1. f(x)=x^2(e^x) find a point where the tangent is horizontal.
The answer is apparently (-2, 4/e^2). But I got 0 when I solved for the derivative. I don't get this.
2. What value of x does the function f(x)=(x^3+27)^(1/2) have vertical tangents?
My approach was to find undefined values, and so x basically couldn't be smaller than -27, yet the answer is -3. How?
f=x^2(e^x)
f' = x(x+2)e^x
Clearly, x=0 or x = -2
f(-2) = 4/e^2
f=(x^3+27)^(1/2)
f'= 3x^2/(2√(x^3+27))
the denominator is zero when x = -3
To find a point where the tangent to the graph of a function is horizontal, you need to set the derivative equal to 0 and solve for x. Let's go through your first question step by step.
1. f(x) = x^2(e^x)
To find the derivative of this function, you can use the product rule and the chain rule. The derivative of f(x) is given by:
f'(x) = 2x(e^x) + x^2(e^x)
2. Set the derivative equal to 0:
2x(e^x) + x^2(e^x) = 0
Now, we can factor out the common term (e^x) to simplify the equation:
e^x(2x + x^2) = 0
3. Now we have two possible solutions:
- Either e^x = 0 (which has no solution since e^x is always positive), or
- 2x + x^2 = 0
4. Solve the quadratic equation:
2x + x^2 = 0
This equation can be factored as:
x(x + 2) = 0
So, the possible values of x are x = 0 and x = -2.
5. Now that we have the potential x-values, substitute them back into the original function f(x) to find the corresponding y-values:
For x = 0:
f(0) = (0^2)(e^0) = 0(1) = 0
For x = -2:
f(-2) = (-2^2)(e^(-2)) = 4(e^(-2))
So, the point where the tangent is horizontal is (-2, 4/e^2).

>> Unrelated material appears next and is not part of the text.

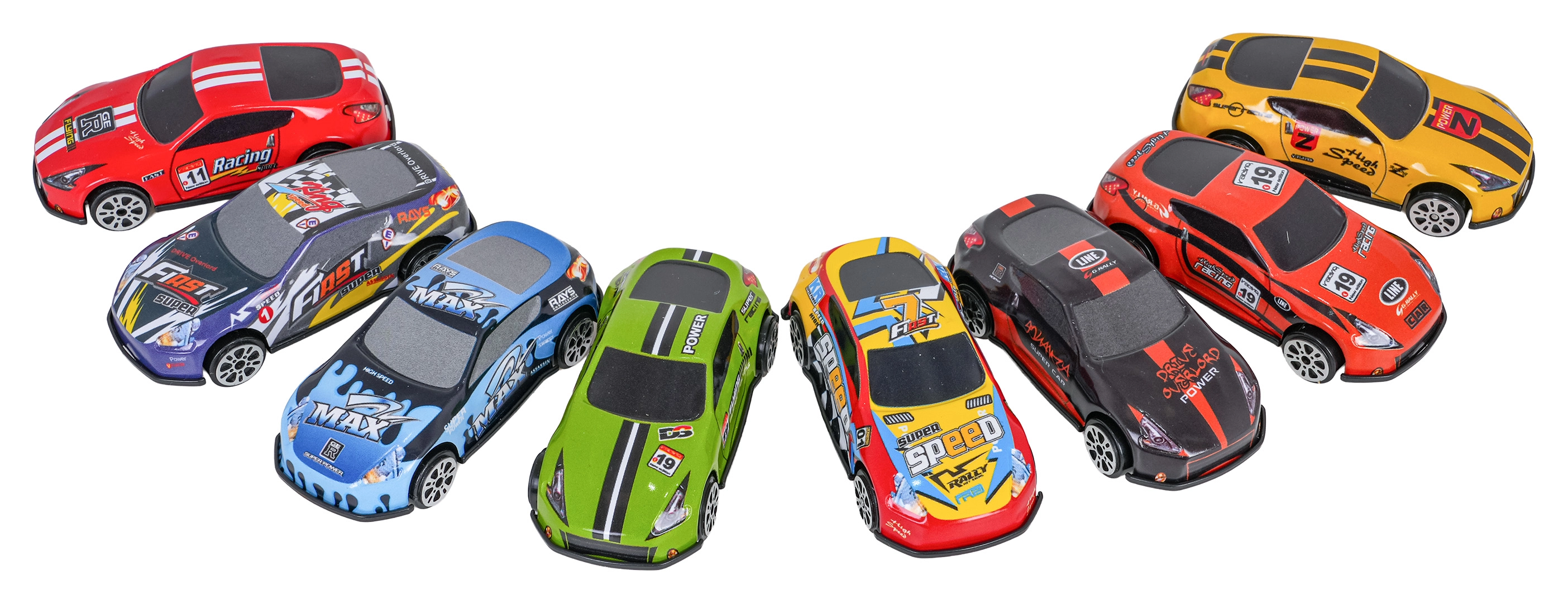 Vielseitiges Set mit farbigen Modellen und Metallkarosserie – bereit für Rennen und Parken.

It seems there was an error in the answer you provided, as the correct y-coordinate should involve e^2, not e^(-2).
Now let's move on to your second question:
1. f(x) = (x^3 + 27)^(1/2)
To find the values of x where the function has vertical tangents, you need to find the x-values where the derivative is undefined.
2. Find the derivative of the function using the chain rule:
f'(x) = (1/2)(x^3 + 27)^(-1/2)(3x^2)
3. To find where the derivative is undefined, we set the denominator of the derivative equal to 0:
(x^3 + 27)^(-1/2) = 0
Recall that a fraction is undefined if the denominator is equal to 0.
4. Take note that (x^3 + 27)^(-1/2) will never be equal to 0 since it involves squares, and the square of any real number is always non-negative.
5. Therefore, there are no values of x that make the function have vertical tangents. The answer you provided, -3, seems to be incorrect.
I hope this explanation clarifies the process for finding horizontal and vertical tangents. If you have any further questions, feel free to ask!